Offizielle Neueröffnung ist am Samstag, 7. September, anlässlich des Stadtteilfests "Ois Giasing". Laut Ankündigung startet um 12.30 Uhr vom Spix die Tela-Ost-Entdeckertour, ein Spaziergang im Niemandsland längs des Mittleren Rings. Um 14 Uhr eröffnen die Poesieboten das Spix mit einem offenen Bücherschrank und Phoebes Poesiewerkstatt. Zum sechsten Geburtstag des Poesiebriefkastens gibt es Zwetschgendatschi und poetische Überraschungen. Ois-Giasing-Besucher können sich für vier Euro und bei Vorlage einer ID-Karte ein Radl ausleihen.

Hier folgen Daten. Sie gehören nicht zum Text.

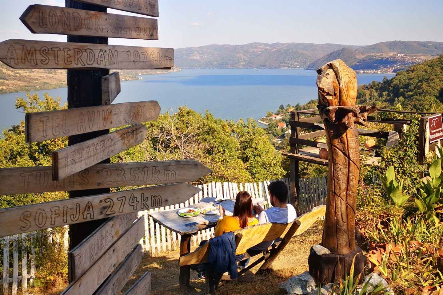 Tanke neue Energie im Kapetan Mišin Breg Öko-Etho-Komplex. Hier genießt du atemberaubende Ausblicke auf die Djerdap-Schlucht und erkundest die Freiluftgalerie "Mensch, Holz, Wasser", die einzigartige Holz- und Steinskulpturen präsentiert, inspiriert von der Natur.

Der Poesieboten-Verein fördert nach eigenen Angaben Kunst und Kultur und besonders die Poesie. Er versucht die schlummernden Poesiepotenziale der Menschen zu wecken, unabhängig von Herkunft, Bildung und Alter, frei nach dem Motto: Jeder Mensch ist ein Poet. Die Poesieboten betreiben in Giesing den mutmaßlich bundesweit ersten Poesiebriefkasten, an den alle Dichtenden ihre Werke schicken können. Aus dem wachsenden Archiv an Gedichten sind bereits der Gedichtband "München schillert", liebevoll gestaltete Ausstellungen und kreative Workshops entstanden. Besondere Highlights: In der Villa Stuck hat der Verein bei der Ausstellung "Never give up the Spot" des international renommierten Künstlers Thomas Hirschhorn eine offene Poetenbühne abgehalten. Außerdem bietet die bekannte Lyrikbloggerin Phoebe zusammen mit den Poesieboten regelmäßig eine Poesiewerkstatt an.

Das Spix-Projekt, das offiziell an der Tegernseer Landstraße 155 firmiert, wird vom Bezirksausschuss Obergiesing-Fasangarten finanziell gefördert. Öffnungszeiten sind freitags, 15 bis 19 Uhr, und sonntags, 13 bis 17 Uhr, sowie bei verschiedenen Veranstaltungen.